Credit: Reuters/Andreas Manolis
By Edmund Blair
CAIRO |
Tue Sep 11, 2012 4:21pm EDT
CAIRO (Reuters) - European Union states are putting together a new set of sanctions to increase pressure on Iran to give up its controversial nuclear activity, British Foreign Secretary William Hague told Reuters on Tuesday.
"We are working on those sanctions ... quite urgently and I hope we will be able to discuss them further when we meet again in the middle of October," he said in an interview at the British embassy in Cairo.
Hague said a meeting of EU foreign ministers in Cyprus on Friday had shown "a very strong level of support for further sanctions".

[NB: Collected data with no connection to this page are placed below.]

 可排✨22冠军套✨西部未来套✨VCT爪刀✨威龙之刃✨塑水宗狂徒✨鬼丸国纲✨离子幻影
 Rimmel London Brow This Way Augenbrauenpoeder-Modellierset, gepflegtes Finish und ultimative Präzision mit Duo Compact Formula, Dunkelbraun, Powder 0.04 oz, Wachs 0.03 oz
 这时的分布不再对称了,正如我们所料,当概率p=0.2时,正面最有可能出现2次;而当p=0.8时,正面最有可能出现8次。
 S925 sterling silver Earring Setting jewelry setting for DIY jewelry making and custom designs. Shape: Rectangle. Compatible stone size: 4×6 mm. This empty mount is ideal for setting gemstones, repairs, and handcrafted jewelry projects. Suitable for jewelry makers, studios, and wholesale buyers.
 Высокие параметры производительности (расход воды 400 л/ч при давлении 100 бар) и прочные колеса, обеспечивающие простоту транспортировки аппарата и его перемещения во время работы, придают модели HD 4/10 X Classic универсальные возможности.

He did not specify what new steps the EU could add to measures that already include a ban on Iranian oil imports.
Israeli Prime Minister Benjamin Netanyahu on Tuesday again raised the prospect of Israeli military strikes on Iran over its nuclear ambitions, saying the United States had forfeited any moral right to stop Israel acting because it had refused to be firm with Tehran itself.
The West accuses Iran of seeking to building nuclear weapons, a charge Tehran denies.

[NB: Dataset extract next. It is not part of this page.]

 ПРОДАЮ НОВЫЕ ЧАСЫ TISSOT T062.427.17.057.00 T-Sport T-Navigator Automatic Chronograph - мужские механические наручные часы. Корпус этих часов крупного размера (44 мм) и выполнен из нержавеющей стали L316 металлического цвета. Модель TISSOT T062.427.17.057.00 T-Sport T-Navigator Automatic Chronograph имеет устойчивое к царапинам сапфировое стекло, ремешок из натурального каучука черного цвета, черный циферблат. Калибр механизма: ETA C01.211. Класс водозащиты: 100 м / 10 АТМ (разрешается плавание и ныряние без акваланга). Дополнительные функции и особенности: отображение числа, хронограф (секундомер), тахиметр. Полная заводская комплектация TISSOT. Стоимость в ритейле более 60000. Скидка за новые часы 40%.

Asked about Netanyahu's comments, Hague said: "We have given clear advice to Israel, we give that in public and in private; we are opposed to an attack on Iran in these circumstances."
Hague described sanctions as "better than any other approach that is available to us" but repeated Britain's standard line that no option had been taken off the table.
Hague also said Iran's presence in a quartet of regional states brought together by Egypt to try to resolve the Syrian crisis would make it "very difficult" for the group to agree on action to end the conflict.
"We are skeptical that Iran would agree to anything that would be a reasonable way forward in Syria," he said. "I think probably in Egypt people are realistic about that."
Cairo hosted the inaugural meeting on Monday of the quartet, which groups Iran, a staunch ally of Syria's President Bashar al-Assad, with Egypt, Turkey and Saudi Arabia, which have all demanded that he step down in the face of a popular uprising.
He also repeated that military intervention over Syria had not been ruled out, although any tough U.N. Security Council action against Syria has been blocked by Russia and China.
"We are putting the maximum pressure on the regime, the EU sanctions are very strong, we look to Arab countries to intensify their sanctions and their pressure on the regime," he added.
The Arab League, headquartered in Cairo, has suspended Syria and called for members to impose financial and other sanctions on Damascus.